The Time Machine

Plot

The Time Machine was reprinted in Two Complete Science-Adventure Books in 1951.

A Victorian English scientist and gentleman inventor, identified by a narrator simply as the Time Traveller, lives in Richmond, Surrey.

He explains to his weekly dinner guests that time is a fourth dimension and demonstrates a tabletop model machine for travelling through it. He reveals he has built a machine capable of carrying a person through time. At dinner the following week, a weary, bedraggled Traveller stumbles into the room and recounts to his guests what he has experienced on his journey to the future.

In the new narrative, the Time Traveller tests his device. At first, he thinks nothing has happened but soon finds out he went five hours into the future. He continues forward and sees his house disappear and turn into a lush garden. The Traveller stops in A.D. 802,701, where he meets the Eloi, a society of small, elegant, childlike humanoids. They live in small communities within large and futuristic yet slowly deteriorating buildings and adhere to a fruit-based diet. His efforts to communicate with them are hampered by their lack of curiosity or discipline. They appear happy and carefree but fear the dark, particularly moonless nights. They give no response to mysterious nocturnal disappearances, possibly because the mere thought of it frightens them. After exploring the area around the Eloi's residences, the Traveller reaches the top of a hill overlooking what was once London and finds only the ruins of what had once been an impressive metropolis. He concludes that the entire planet has become a garden, with little trace of human society or engineering from the hundreds of thousands of years prior, and that communism[21] has at last been achieved. He also theorizes that intelligence springs from necessity; with no real challenges facing the Eloi, they have lost the spirit, intelligence, and physical fitness of humanity at its peak.

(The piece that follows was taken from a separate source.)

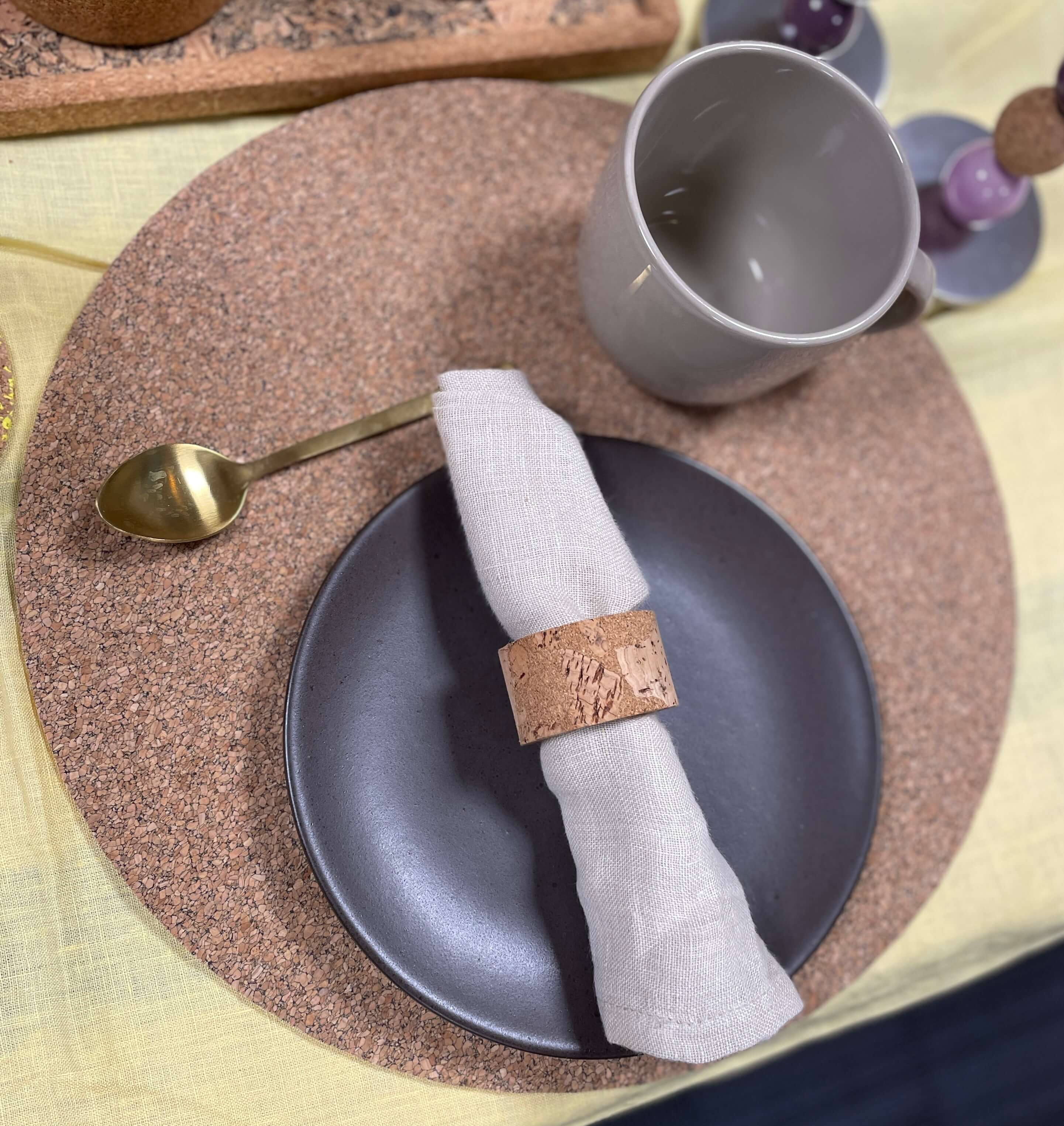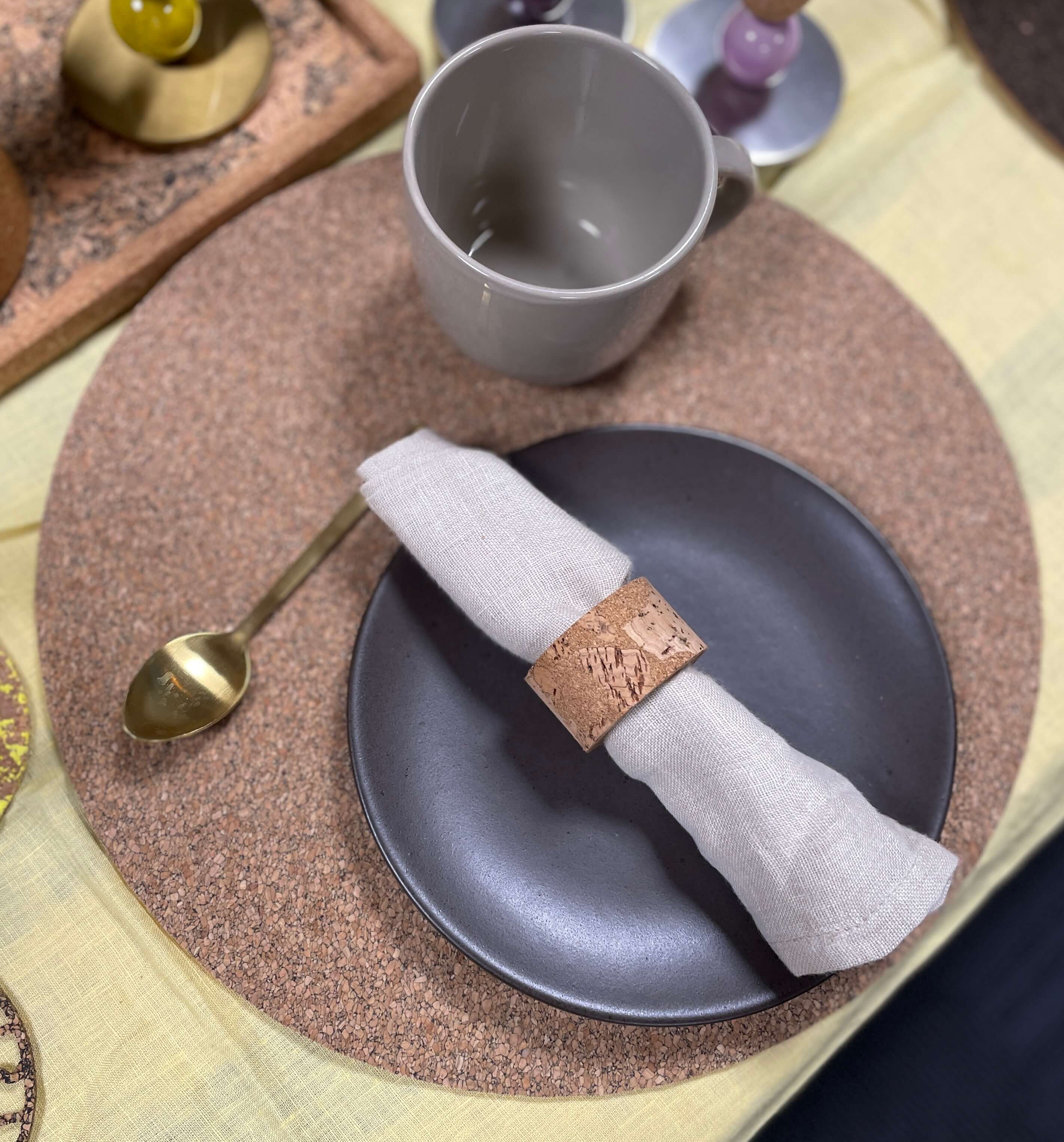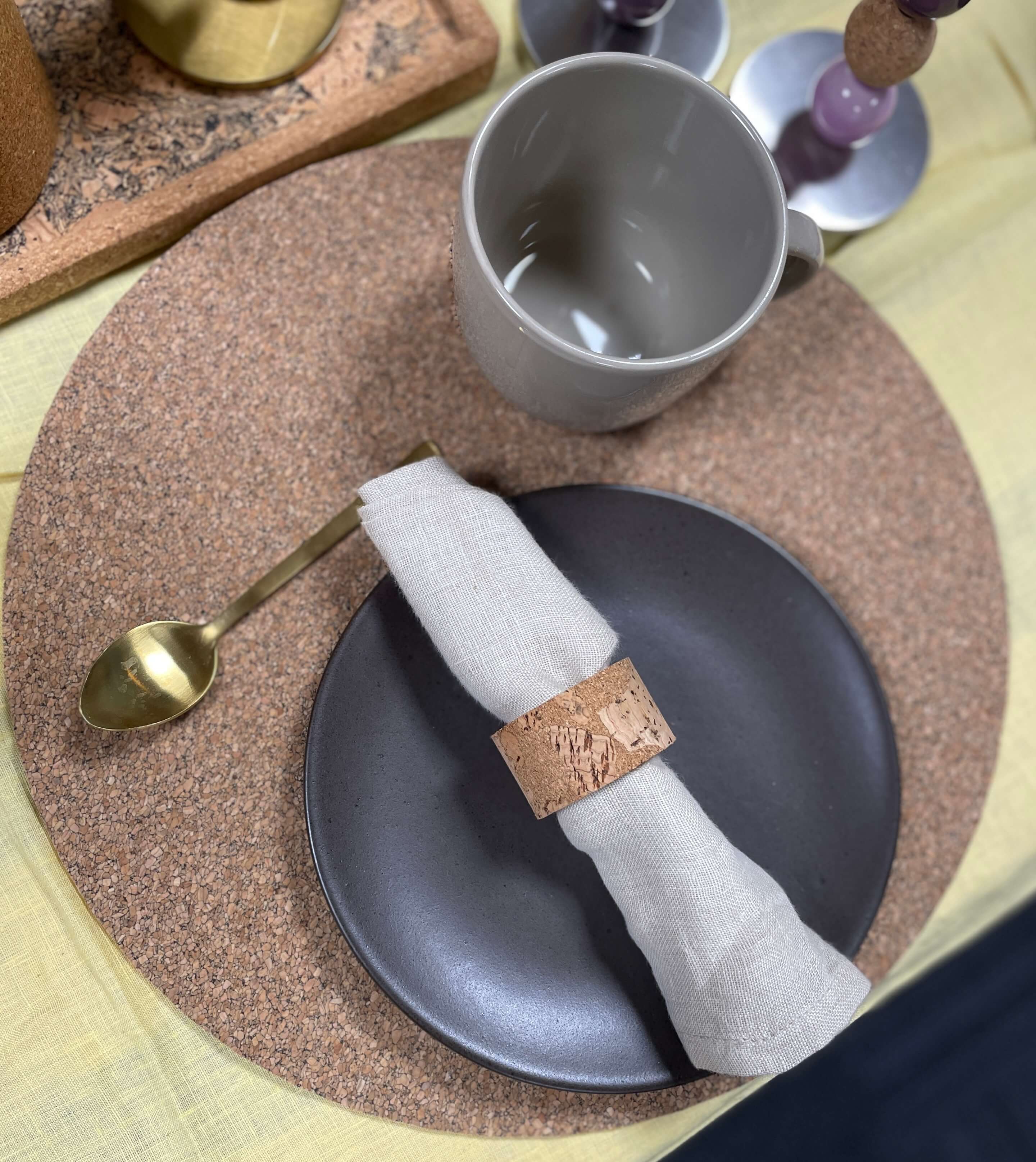 Dækkeservietten er produceret i Portugal, hvor korken høstes nænsomt fra korkegen – uden at træet fældes. Faktisk kan træet høstes igen og igen, og i hele sit liv optager det CO₂ fra luften. Det gør kork til et materiale med god energi og lang levetid.

Returning to the site where he arrived, the Traveller is shocked to find his machine missing; it has been dragged by some unknown party into a nearby structure, resembling a sphinx, with heavy doors locked from the inside. Luckily, the machine cannot travel through time without its levers, which he had removed before leaving it. Later, he encounters the Morlocks, ape-like troglodytes who live in darkness underground and surface only at night. Deducing that this second race must have taken his time machine, he explores one of many "wells" that lead to the Morlocks' dwellings, where he discovers them operating the machinery and industry that makes the above-ground paradise of the Eloi possible. He alters his theory, speculating that the human race has diverged into two species: the favored aristocracy has become the intellectually degraded Eloi, and their mechanical servants have become the brutal, light-fearing Morlocks.

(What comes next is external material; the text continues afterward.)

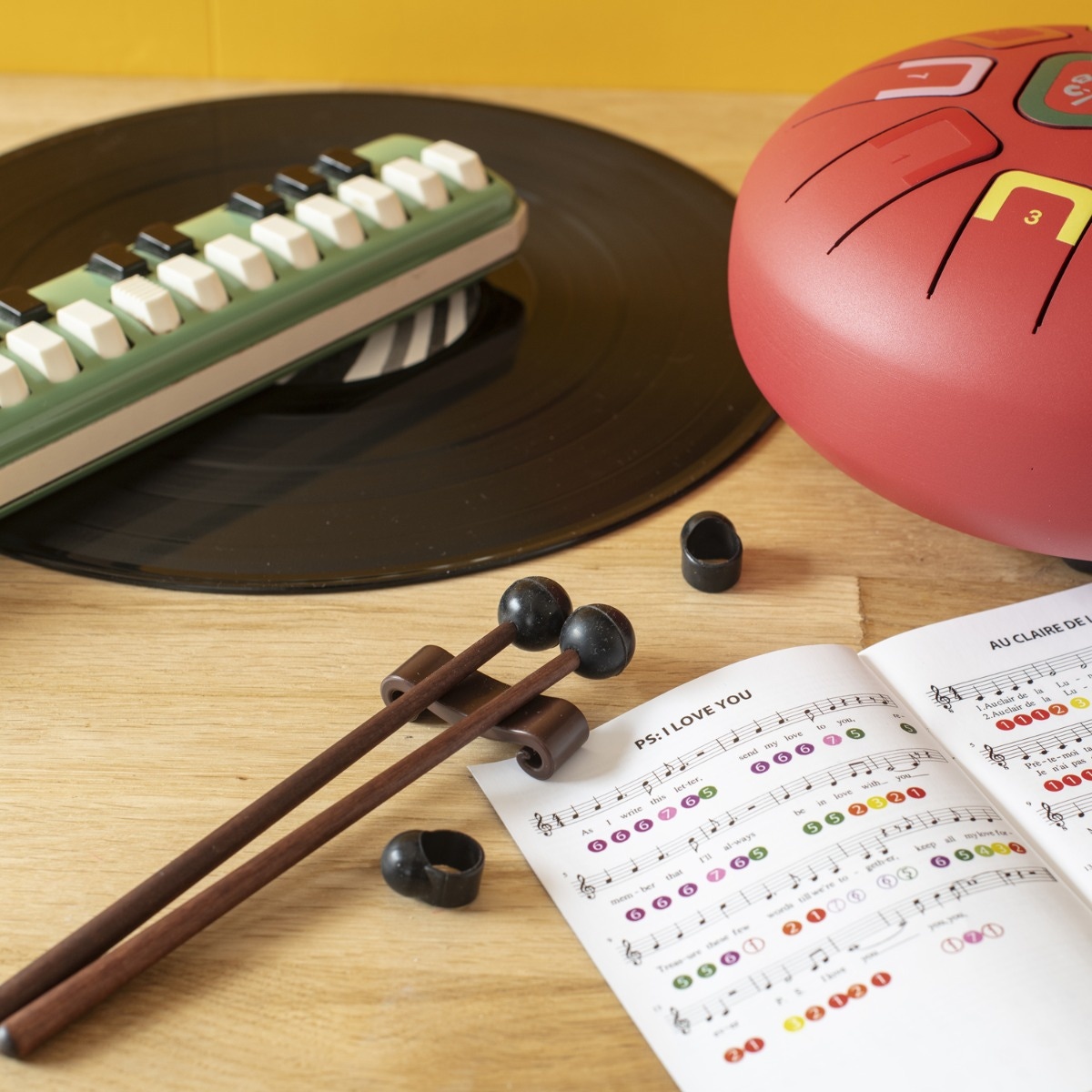 Avec ses 11 notes joliment repérées par des couleurs et des chiffres, ce tambour invite à explorer les sons de mille façons : du bout des doigts, avec les mains, ou grâce aux baguettes incluses. Et pour encore plus de fun, 4 pics à doigts et un livret de mélodies viennent compléter l’expérience.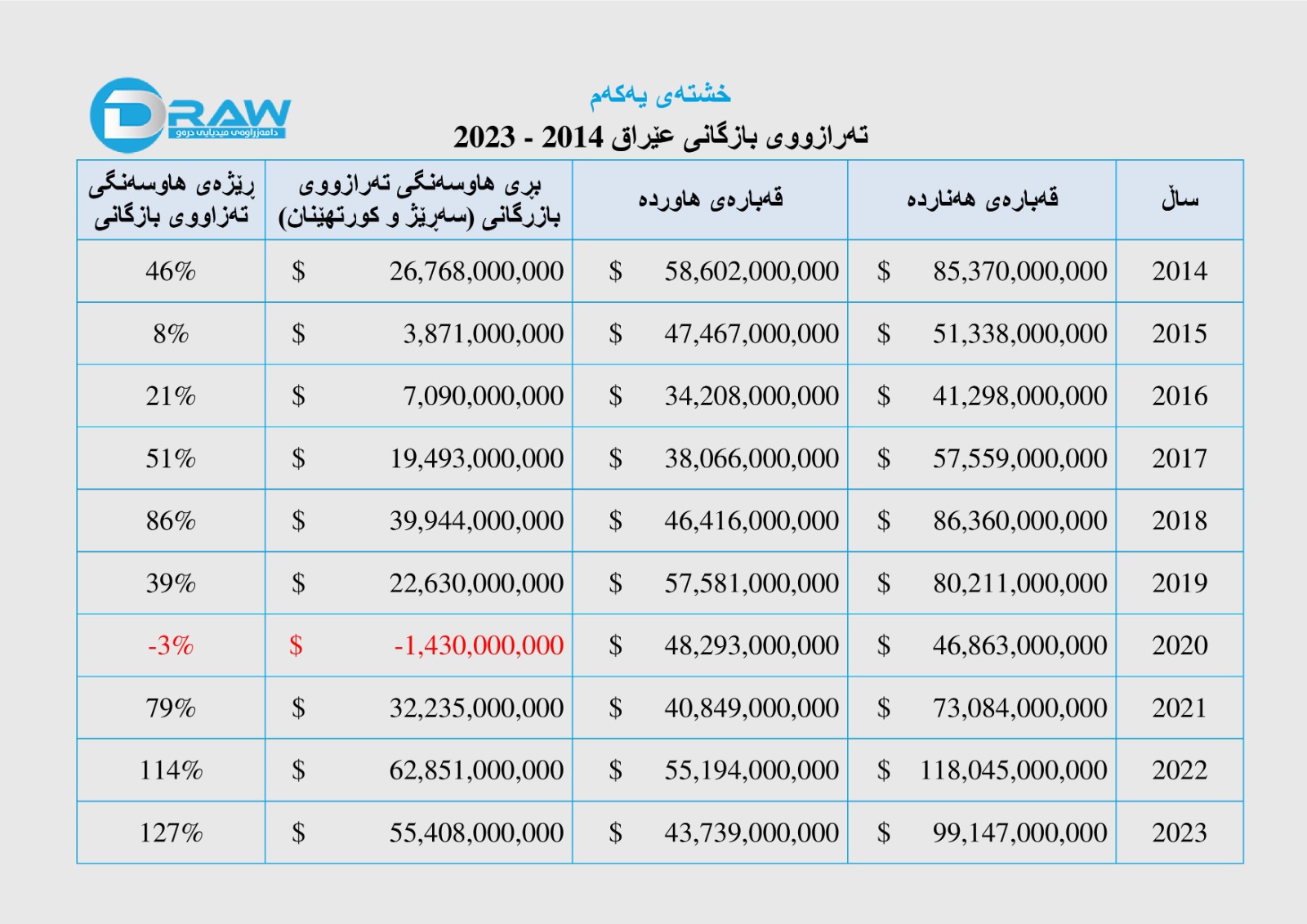 یەکەم؛ تەرازووی بازرگانی عێراق 2014 – 2023

Before narrowly escaping the tunnels, the Traveller also observes the "underworlders" eating a strange meat, which he cannot at first identify. He later comes to the horrific realization that the Morlocks raise the Eloi like cattle and then use them as a food supply.

Meanwhile, he rescues an Eloi named Weena from drowning, as none of the other Eloi take any notice of her plight, and with time, they develop an affectionate relationship. He takes Weena with him on an expedition to "The Palace of Green Porcelain", a distant structure which turns out to be a derelict museum. Here, the Traveller finds a fresh supply of matches and fashions a crude weapon against Morlocks, whom he must fight to recover his machine. He plans to take Weena back to his own time. Because the long and tiring journey back to Weena's home is too much for them, they stop in the forest for the night. They are eventually attacked by Morlocks, and Weena faints. The Traveller escapes when a small fire he had left behind them to repel the Morlocks turns into a forest fire; Weena and the Morlocks are lost in the blaze, and the Traveller is devastated over his loss.

The Morlocks open the Sphinx and use the machine as bait to capture the Traveller, not understanding that he can use it to escape. He reattaches the levers before travelling further ahead to roughly 30 million years from his own time. There, he sees some of the last living things on a dying Earth: reddish, crab-like creatures slowly wandering the blood-red beaches chasing enormous butterflies, in a world covered in simple lichenoid vegetation. He continues to make jumps forward through time, seeing Earth's rotation gradually cease and the sun grow larger, redder, and dimmer, and the world falling silent and freezing as the last degenerate living things die out.

Overwhelmed, he returns to his own time, arriving at the laboratory just three hours after he originally left. He arrives late to his own dinner party, whereupon, after eating, the Traveller relates his adventures to his disbelieving visitors, producing as evidence two strange white flowers Weena had put in his pocket.

The original narrator relates that he returned to the Traveller's house the next day, finding him preparing for another journey and promising to return in a short time. After waiting for three years, however, the Narrator states that the Traveller has not returned from his journey.